#### Directions
Below is a listing with pictures in it. Copy it exactly without them.

#### Given material

☆ ☆ ☆ ☆

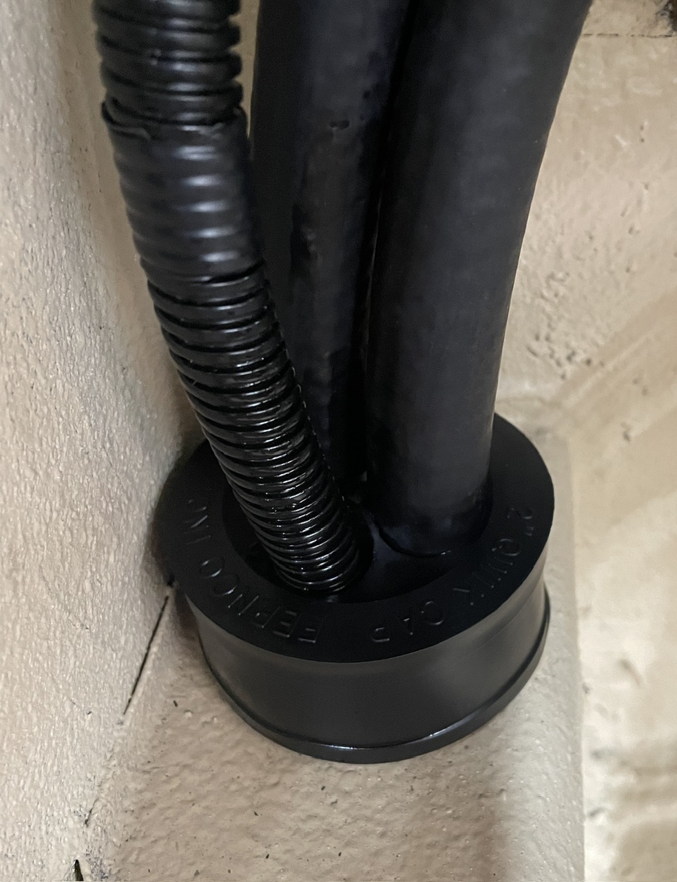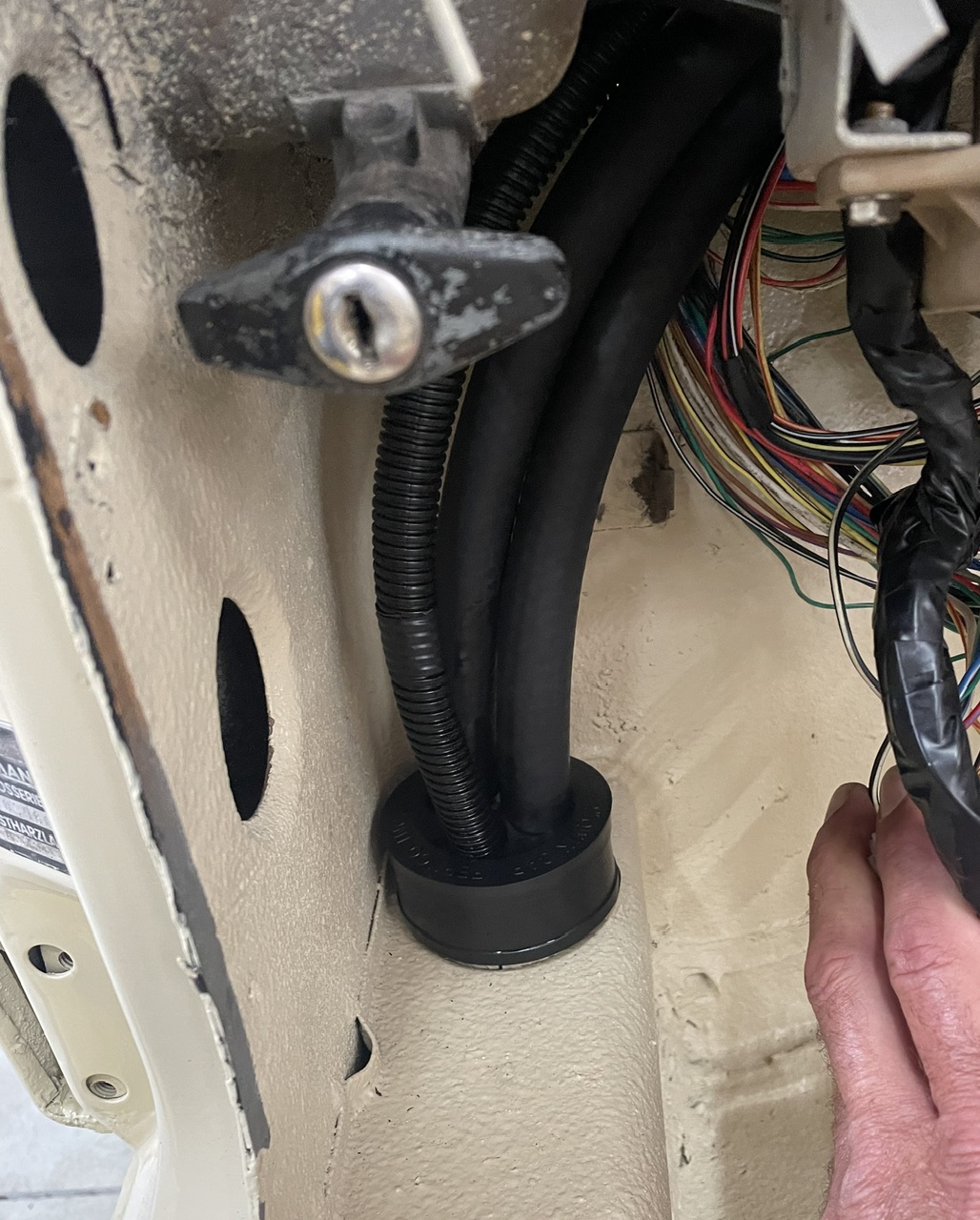Ran my heater core lines and some 12v lines through my drivers side heater tube. To seal off the tubes and keep critters out I used 2” Fernco caps. I cut pass-thru holes and they make a nice tight seal. I put caps at each end of the heater tubes. I used these on my 3.6 build years ago for the oil cooler lines and they held up perfect.
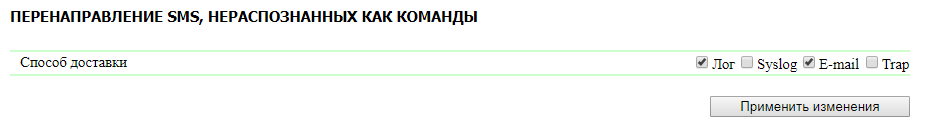 Перенаправление настраивается в соответствующем разделе на странице SMS web-интерфейса устройства (Рис. 10.12.1.). Выбрав чекбоксами необходимые способы доставки, сохраните изменения кнопкой «Применить изменения».
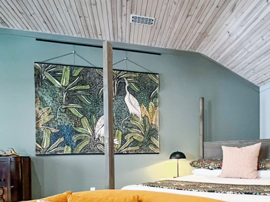 At the heart of the suite is a cozy four-post queen bed, inviting deep rest and slow mornings. Surrounded by calming tones, soft rugs, and natural light, this sleeping space is designed to support quiet renewal—whether you’re drifting off after a long day or waking up to the sounds of birds and breeze.

☆ ☆ ☆ ☆

#### Your solution
Ran my heater core lines and some 12v lines through my drivers side heater tube. To seal off the tubes and keep critters out I used 2” Fernco caps. I cut pass-thru holes and they make a nice tight seal. I put caps at each end of the heater tubes. I used these on my 3.6 build years ago for the oil cooler lines and they held up perfect.
 Перенаправление настраивается в соответствующем разделе на странице SMS web-интерфейса устройства (Рис. 10.12.1.). Выбрав чекбоксами необходимые способы доставки, сохраните изменения кнопкой «Применить изменения».
 At the heart of the suite is a cozy four-post queen bed, inviting deep rest and slow mornings. Surrounded by calming tones, soft rugs, and natural light, this sleeping space is designed to support quiet renewal—whether you’re drifting off after a long day or waking up to the sounds of birds and breeze.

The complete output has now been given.